What you should do
All of the entries should be restated word for word, but without their pictures.

(Dataset entries)
* * * * * * * * *

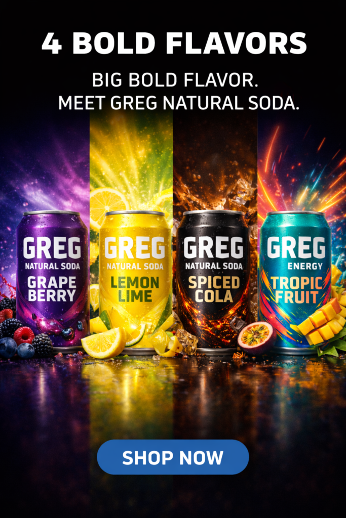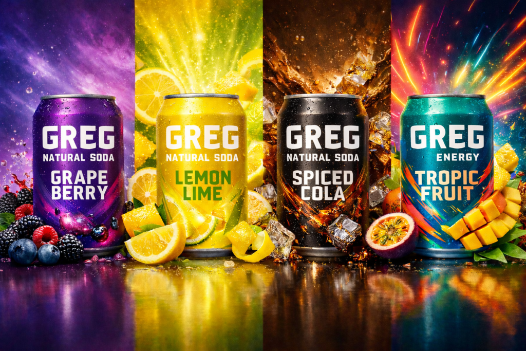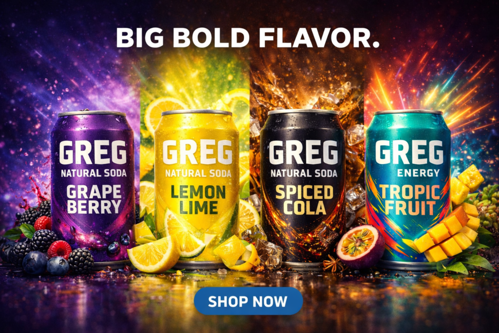 GREG is the soda king. His bold flavors outmatch all other sips. If you need proof you'll find it where you find any major refreshments. Just look for GREG.
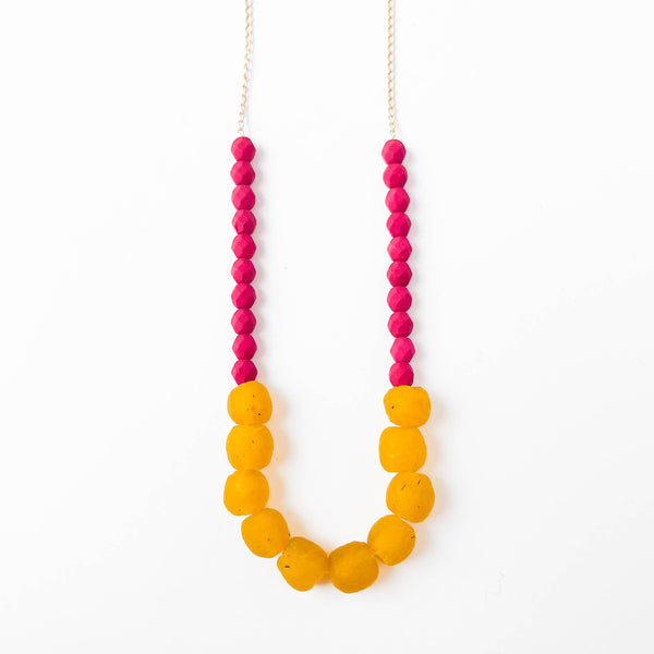 Magenta with recycled warm yellow bead
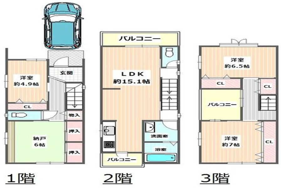 西淀川区歌岛1一户建,2014年建木制三层建筑。大阪市立歌岛小学、超市、公园都在几百米之内。有停车场!室内非常干净。
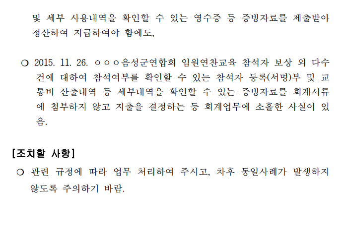 지적사례 모음 : 참석자 등록(서명)부 등의 증빙자료가 필요
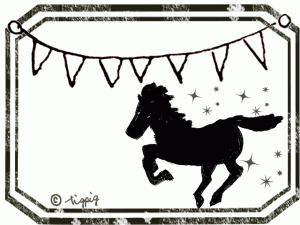 かわいい馬のイラストのシルエットとラベル風フレームと旗のフリー素材:640×480pix
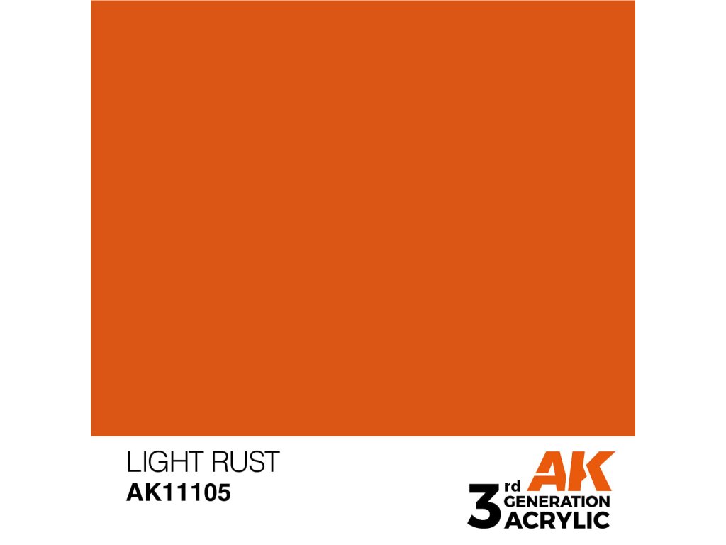 Akrylová barva Light Rust od výrobce AK Interactive je vhodná pro nanášení štetcem i airbrushem. Akrylové modelářské barvy 3. generace (3Gen) jsou doposud nejpropracovanější recepturou akrylových barev. Barvy General Series mají vynikající krytí, úžasnou přilnavost a nové složení zabraňuje ucpávání trysky bez nutnosti barvy zdlouhavě rozmíchávat.Doplňkové parametry

* * * * * * * * *

Answer to this problem
 GREG is the soda king. His bold flavors outmatch all other sips. If you need proof you'll find it where you find any major refreshments. Just look for GREG.
 Magenta with recycled warm yellow bead
 西淀川区歌岛1一户建,2014年建木制三层建筑。大阪市立歌岛小学、超市、公园都在几百米之内。有停车场!室内非常干净。
 지적사례 모음 : 참석자 등록(서명)부 등의 증빙자료가 필요
 かわいい馬のイラストのシルエットとラベル風フレームと旗のフリー素材:640×480pix
 Akrylová barva Light Rust od výrobce AK Interactive je vhodná pro nanášení štetcem i airbrushem. Akrylové modelářské barvy 3. generace (3Gen) jsou doposud nejpropracovanější recepturou akrylových barev. Barvy General Series mají vynikající krytí, úžasnou přilnavost a nové složení zabraňuje ucpávání trysky bez nutnosti barvy zdlouhavě rozmíchávat.Doplňkové parametry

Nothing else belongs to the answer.